In Paul Ashbee’s (1974) fine archaeological survey, he describes there being several other small prehistoric burials found in fields a little further down the same lane.

References:

  1. Ashbee, Paul, Ancient Scilly, David & Charles: Newton Abbot 1974.
  2. Crawford, O.G.S., “Stone Cists,” in Antiquity Journal, volume 2, no.8, December 1928.

© Paul Bennett, The Northern Antiquarian


North Hill, Samson, Scilly Isles, Cornwall

Chambered Cairn:  OS Grid Reference – SV 877 131

Archaeology & History

Early photo of the North Hill tomb (Crawford 1928)

On the north side of Samson island there are several chambered tombs and cairns scattered around the edges of aptly-named North Hill; but the one illustrated here was one of the first to be excavated in 1862-3.  Although O.G.S. Crawford (1928) wrote about the site in his essay on Cornish cists — from where this old black-and-white photo of the site has been taken — it was described in much greater detail in Borlase’s (1872) archaeological magnum opus of the day.  In his time, this now much-denuded burial site had all the outer hallmarks of being a large tumulus.  This was described in some detail in a paper written by one Mr Augustus Smith (read at a Meeting of the Royal Institution of Cornwall in May, 1863) who was fortunate enough to be one of the first people to unearth this great tomb and find the site untouched since it had been laid, thousands of years earlier.  Citing extensively from Smith’s notes, Borlase told:

“The Barrow…is situated with four or five others, mostly rifled on the…high ground at the northern end.  “The mound, in its outer circumference, measured about 58 feet, giving, therefore, a distance of near upon 30 feet to its centre, from where the excavation was commenced.  For about 18 or 20 feet the mound appeared entirely composed of fine earth, when an inner covering, first of smaller and then or large rugged stones, was revealed.  These were carefully uncovered before being disturbed, and were then one by one displaced till a large upright stone was reached, covered by another of still more ponderous dimensions, which projected partially over the edges of the other.  At length this top covering, of irregular shape, but measuring about 5 feet 6 inches in its largest diameter, was thoroughly cleared of the superincumbent stones and earth, and showed itself evidently to be the lid to some mysterious vault or chamber beneath.”  On the lid being removed, there was “disclosed to view an oblong stone chest or sarcophagus beneath” on the floor of which, “in a small patch,” “a little heap of bones, the fragmentary framework of some denizen of earth, perhaps a former proprietor of the Islands—were discovered piled together in one corner.

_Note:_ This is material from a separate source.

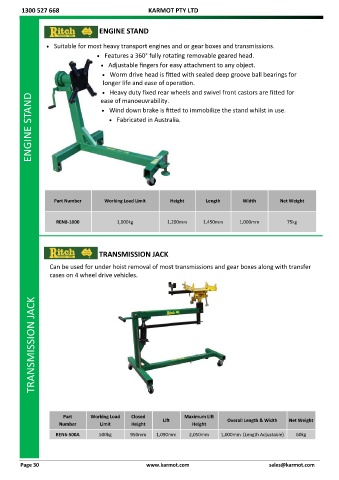 ENGINE STAND Wind down brake is fitted to immobilize the stand whilst in use.

“”The bones were carefully taken out, and the more prominent fragments, on subsequent examination by a medical gentleman, were found to give the following particulars: – Part of an upper jawbone presented the alveolæ of all the incisors, the canines, two cuspids and three molars, and the roots of two teeth, very white, still remaining in the sockets.  Another fragment gave part of the lower jaw with similar remains of teeth in the sockets.  All the bones had been under the action of fire and must have been carefully collected together after the burning of the body.  They are considered to have belonged to a man about 50 years of age…

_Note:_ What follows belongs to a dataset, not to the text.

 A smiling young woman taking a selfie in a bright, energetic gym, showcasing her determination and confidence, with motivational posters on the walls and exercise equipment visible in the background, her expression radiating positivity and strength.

“”The bottom of the sarcophagus was neatly fitted with a pavement of three flat but irregular-shaped stones, the joints fitted with clay mortar, as were also the insterstices where the stones forming the upright sides joined together, as also the lid, which was very neatly and closely fitted down with this same plaster.

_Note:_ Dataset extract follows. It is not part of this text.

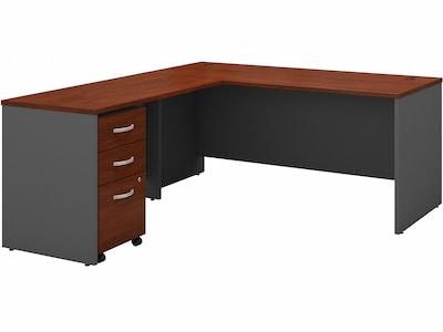 Spread out and save space with this Bush Business Furniture Series C L-shaped desk. 66"W and 48"W work surfaces offer ample room for your computer, phone, assignments and more, while the thermally fused laminate finish resists scratches and stains. Feed cables through wire management grommets in the desk surface and modesty panel to keep them out of your way. The mobile file cabinet rolls wherever you need it or fits conveniently underneath the L-shaped desk to conserve floor space. Clean lines, brushed nickel hardware, and extended modesty panels provide a professional appearance. Bush Business Furniture Series C offers endless layout options, expansion opportunities, and seven finishes. This affordable office furniture withstands the rigors of a 40-plus-hour work week and comes with a 10-year manufacturer warranty. American-made with US and imported parts.

“”Two long slabs, from seven to nine feet in length, and two feet in depth, form the sides, while the short stones fitted in between them make the ends, being about 3½ feet apart, and to fix which firmly in their places, grooves had been roughly worked in the larger stones.”  The paving stones had been “embedded immediately upon the natural surface of the granite of which the hill consists.”

References:

  1. Borlase, William Copeland, Nænia Cornubiæ, Longmans Green: London 1872.
  2. Crawford, O.G.S., “Stone Cists,” in Antiquity Journal, volume 2, no.8, December 1928.